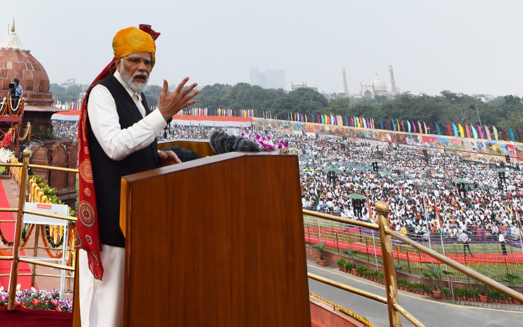 ▲8月15日,印度总理莫迪在德里出席独立日庆祝活动时发表讲话。图/新华社
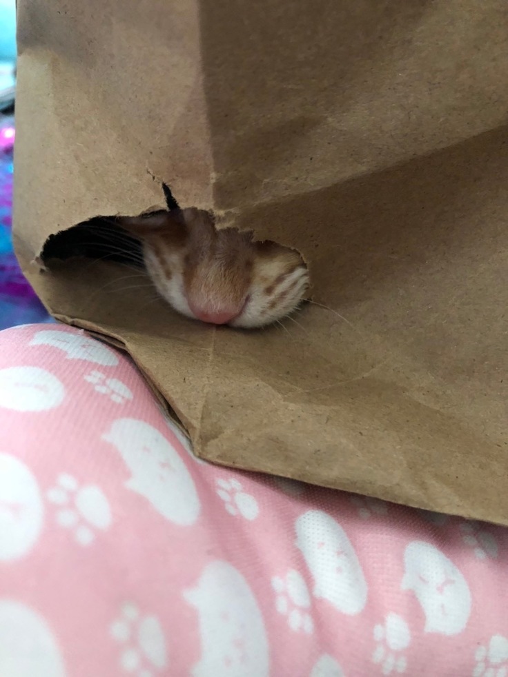 紙袋も大好きで遊んでるうちに鋭い爪と歯で穴を開け
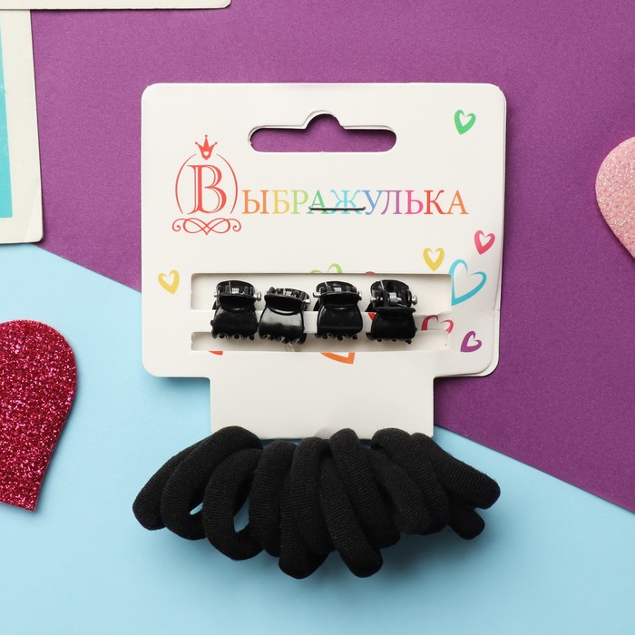 Набор для волос «Затейница», 12 резинок 2 см, 4 крабика, классика, чёрный
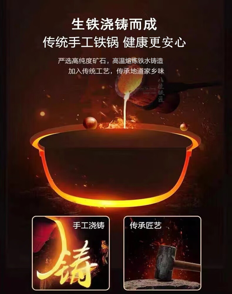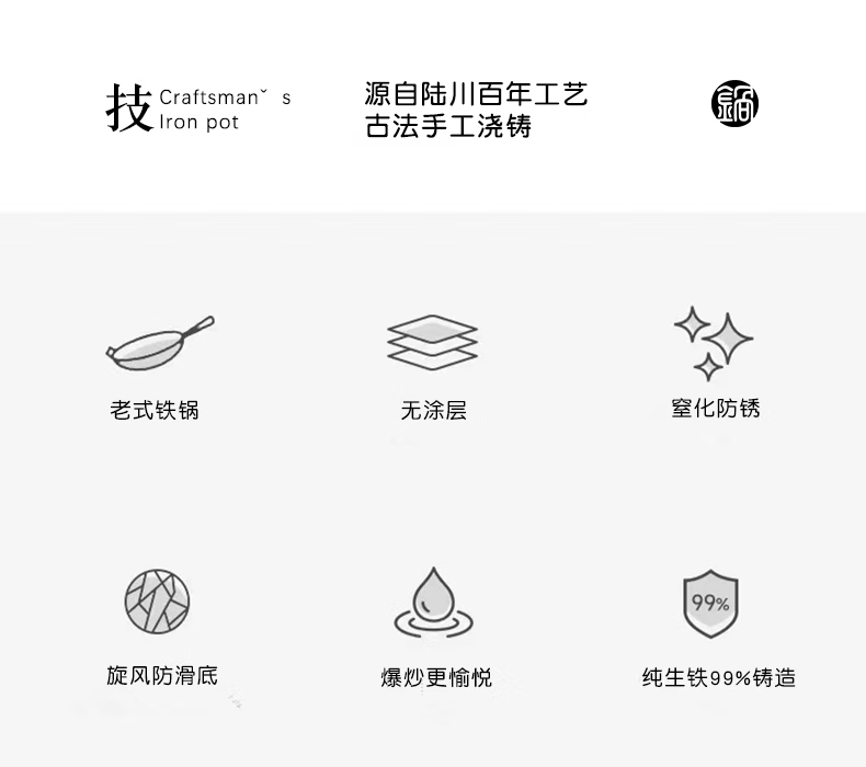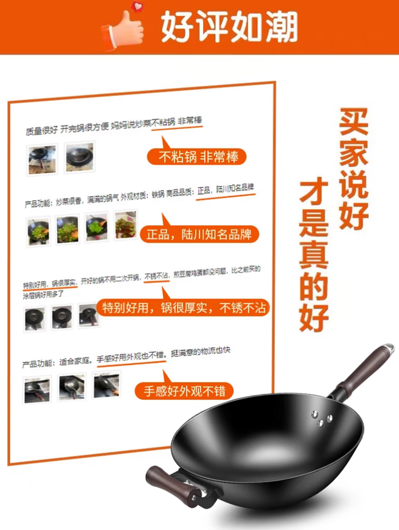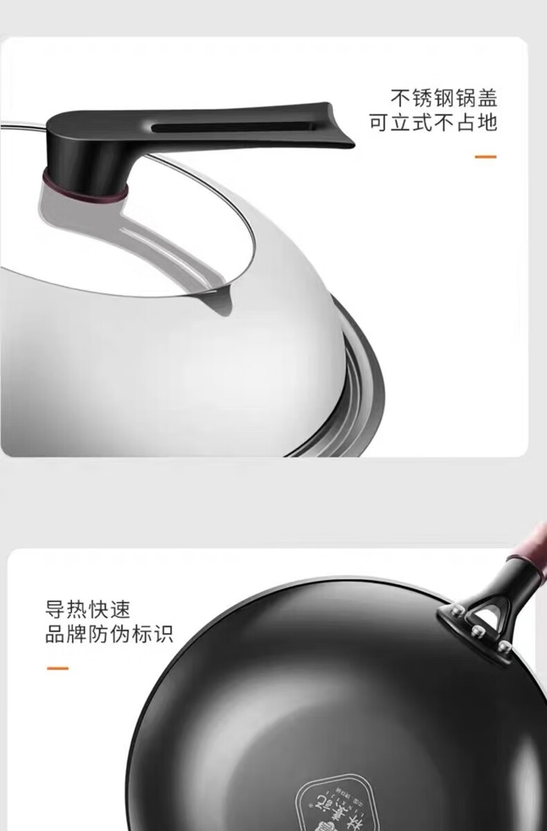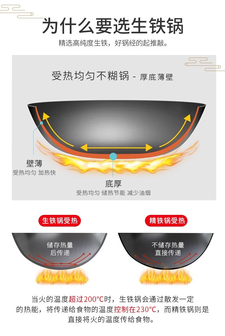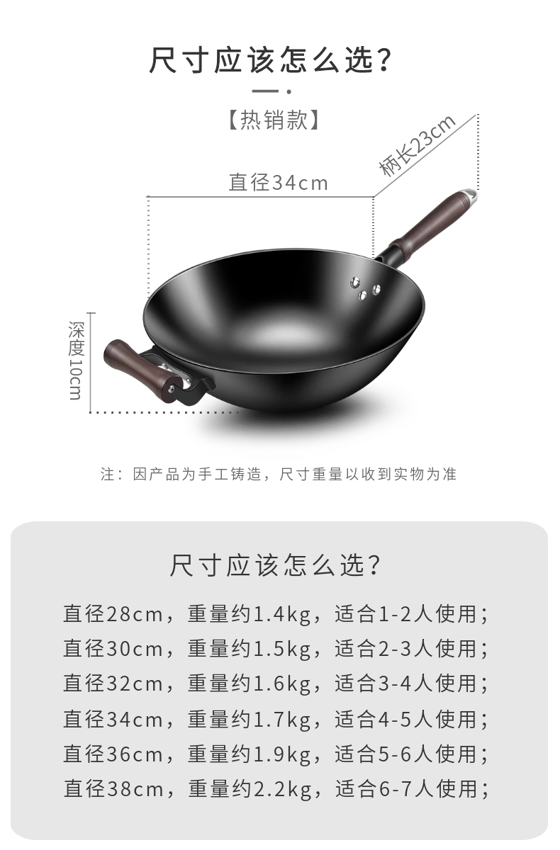 林熹记铁锅陆川生铁铸铁锅炒锅手工浇铸厨房好物家用无涂层不粘锅炒菜锅 圆底 34cm (带锅盖+铲子)已开锅

--------

= YOUR TASK =
Everything in the listing, except its images, should be set down exactly.

= OUTPUT =
 ▲8月15日,印度总理莫迪在德里出席独立日庆祝活动时发表讲话。图/新华社
 紙袋も大好きで遊んでるうちに鋭い爪と歯で穴を開け
 Набор для волос «Затейница», 12 резинок 2 см, 4 крабика, классика, чёрный
 林熹记铁锅陆川生铁铸铁锅炒锅手工浇铸厨房好物家用无涂层不粘锅炒菜锅 圆底 34cm (带锅盖+铲子)已开锅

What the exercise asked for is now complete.